BRIEF: Below are the records. Retype, exactly, the lines from the first through the line with "Revue de presse", and leave out the pictures.

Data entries

┄┄┄┄┄┄┄┄┄┄

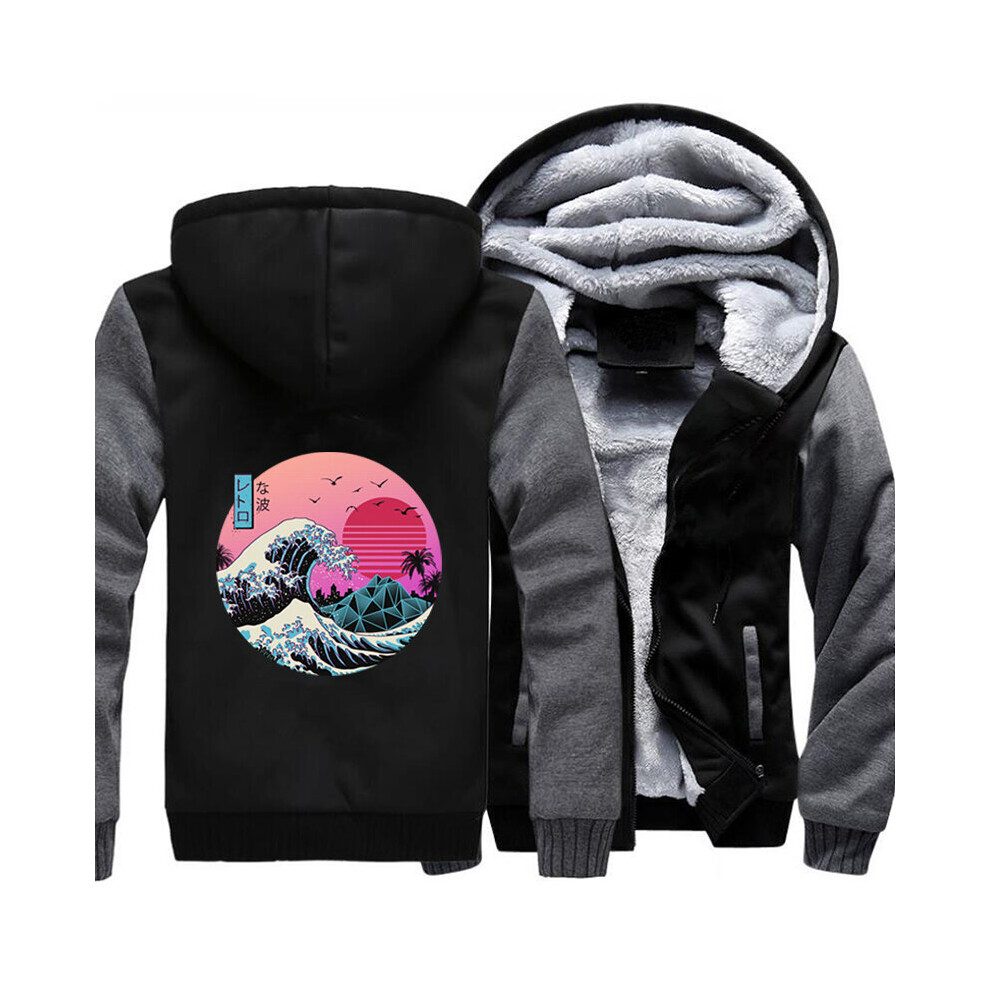 The Great Retro Wave Japan Anime Vaporwave Kanagawa Harajuku Winter Jacket Men Fleece Thicken Hoodies Camo Hooded Jackets Coats
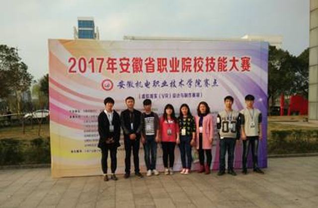 (7)3月12日,“虚拟现实(VR)设计与制作”赛项在安徽机电职业技术学院开赛。这是首届VR大赛,比赛历时5小时,共38支队伍参加。我系派出由15动漫和15、16物联网跨专业组队而成的两支队伍参赛,取得了第4名和第16名的优异成绩。
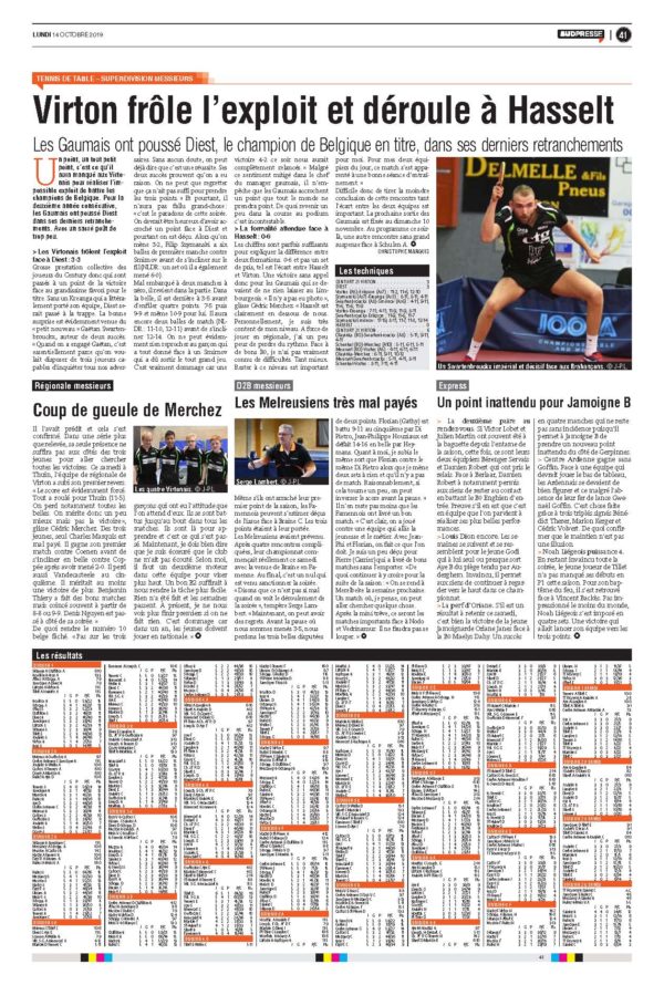 Revue de presse par Gaël Lardot | Oct 15, 2019 | Presse | 0 commentaires Tous les résultats de nos clubs en Nationale, Régionale et Provinciale ici. La Meuse du Luxembourg -14/10/2019 Poster le commentaire Annuler la réponseVous devez vous connecter pour publier un commentaire.
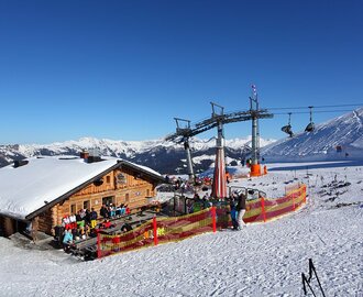 The Skialm Kreuzkogel is located directly between the two mountain stations of the Kreuzkogelbahnen at the highest point of the Grossarltal/Dorfgastein ski area. When the weather is nice you can enjoy the unique mountain panorama on the sun terrace. The rustic and cozy hut offers space for approx. 50-60 people. A special highlight is the après-ski bar right next to the hut.
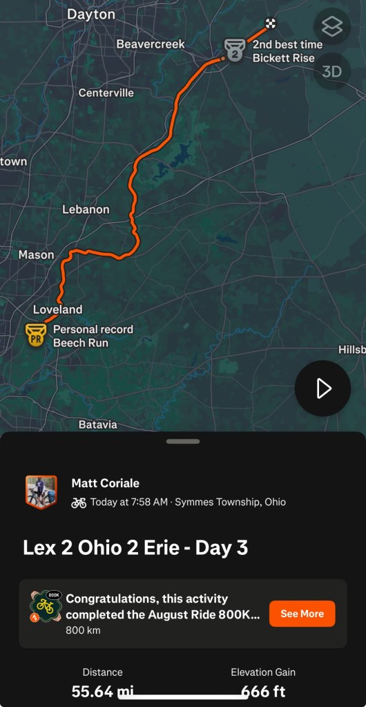 Our overall stats for this trip: 467.57 miles, no flats, and no mechanical issues whatsoever! Eight days of great weather. Just a couple of saddle sores.

┄┄┄┄┄┄┄┄┄┄

ANSWER BOX:
 The Great Retro Wave Japan Anime Vaporwave Kanagawa Harajuku Winter Jacket Men Fleece Thicken Hoodies Camo Hooded Jackets Coats
 (7)3月12日,“虚拟现实(VR)设计与制作”赛项在安徽机电职业技术学院开赛。这是首届VR大赛,比赛历时5小时,共38支队伍参加。我系派出由15动漫和15、16物联网跨专业组队而成的两支队伍参赛,取得了第4名和第16名的优异成绩。
 Revue de presse par Gaël Lardot | Oct 15, 2019 | Presse | 0 commentaires Tous les résultats de nos clubs en Nationale, Régionale et Provinciale ici. La Meuse du Luxembourg -14/10/2019 Poster le commentaire Annuler la réponseVous devez vous connecter pour publier un commentaire.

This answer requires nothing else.